Chapter Thirty-Nine
By the end of the series… which we binge watched, Celia was quieter than usual. That’s saying something, because the poor thing was always kind of in her shell, or, used to be. Or… maybe still is… I dunno, what am I? A therapist?
“Other than the whole thing about ‘destroying the world’ he was an amazing teacher.” She said when she finally spoke, but I hadn’t really expected her to say that.
“I suppose he was,” I answered and held my hand out in the direction of the kitchen.
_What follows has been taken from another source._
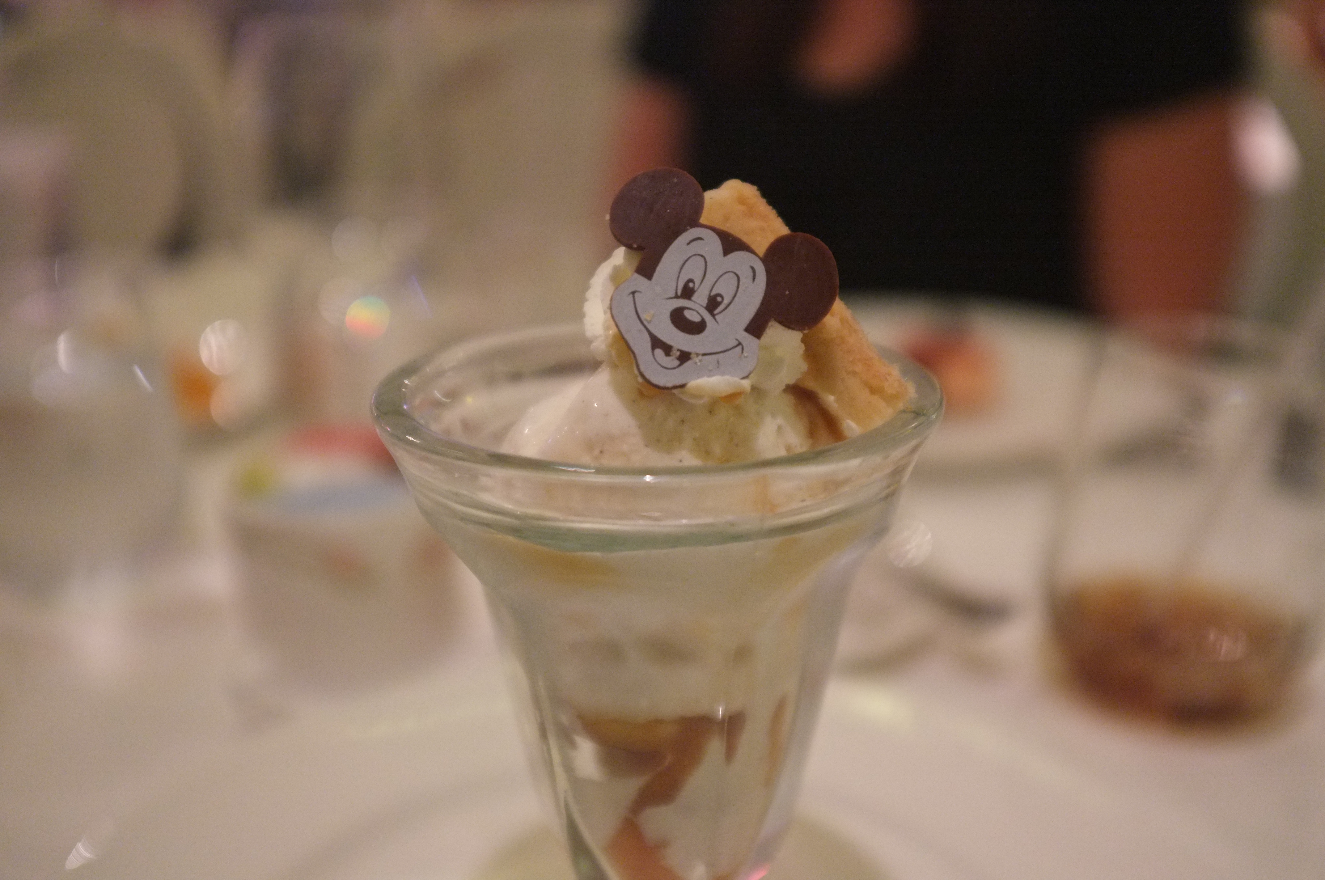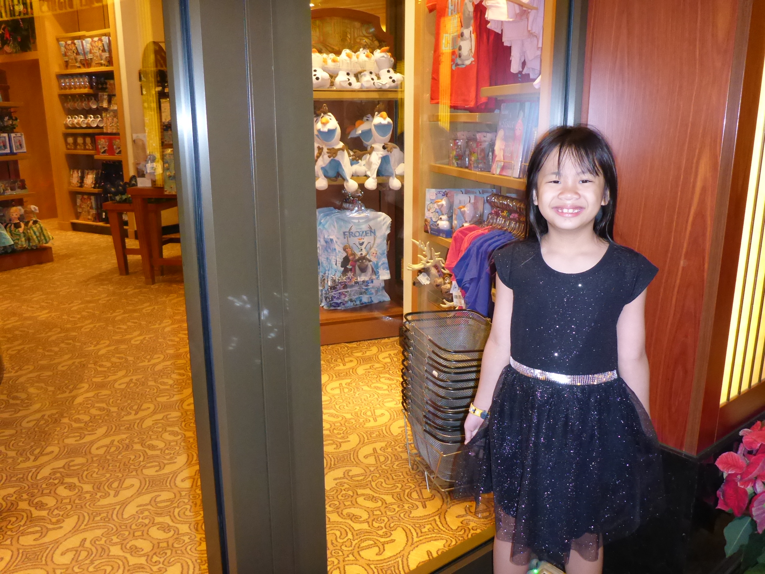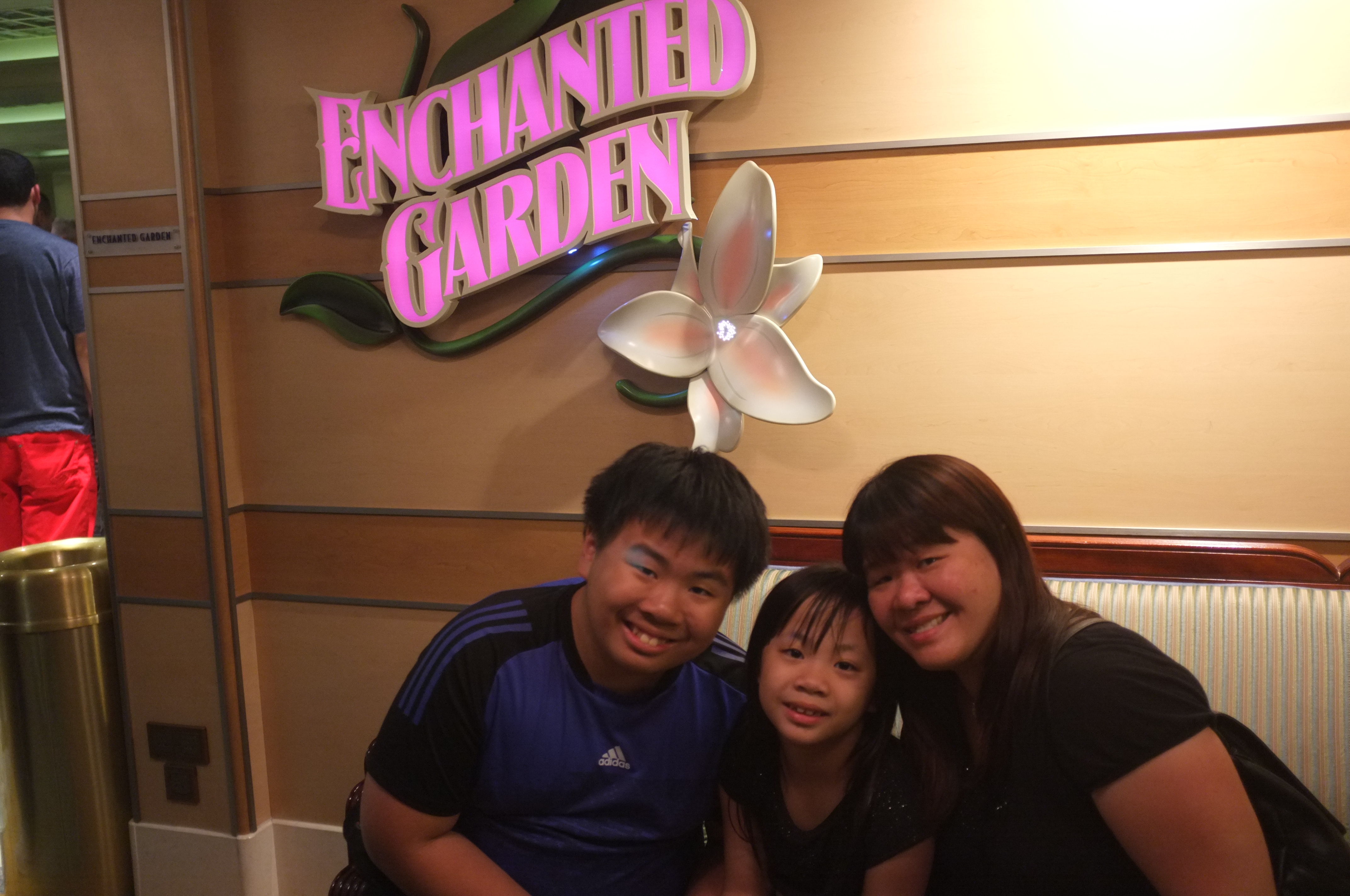 Afterwards, we headed back to our stateroom for a quick rest before our dinner reservation at Enchanted Garden. As we arrived at the door, we realised that the Fish Extender Gift exchange was already underway, with a gift at our door. This is an external event conducted by people on the cruise, so it goes to show the amount of dedication that the people on the cruise have, especially the organizers of the event. We decided to return the favour by going on our first stage of our gift exchange. We had prepared pens with customized name tags with the Disney font, and we dropped them off at the designated staterooms, before heading to dinner. At dinner, we realised that we had a shared table. At first, we lamented on the fact, as Ashley does not like dining with strangers, until we realised who they were. Coincidentally, we realised that they were the same Singaporeans from the “interviews” during The Golden Mickeys. The family had just started their vacation as well, and there were two girls, both around Ashley’s age, and she could not wait to socialize and make friends with them.

A bag of chips appeared in my hands and I ripped it open with a loud yank on the opposite sides of the center, then set it between us, “but then, so were the ones at the ATA.” That’s our ‘Agency Training Academy’ where we learn everything there is to know about cultural mimicry, infiltration, and all the ‘painting’ classes it took to make us into not just professionals, but true artists in our field.
“Says you.” She said with a snort. “Let me guess, you were in an advanced class?”
“No.” I answered.
She blinked at that, until I said, “I was in all the advanced classes.” She sighed.
“Of course you were. Why did I not figure that right away, I’m a fool.” Celia shook her head and thrust her hand forcefully into the bag of melon flavored corn chips and shoved several into her mouth.
“What’s up with that?” I asked, I was genuinely confused, and after grabbing some for myself I started scrolling through genre’s until she said with a mouth full of chips…
“Phat one.” The puffed out cheeks and crunching noises got a little in the way, but I figured out what she meant.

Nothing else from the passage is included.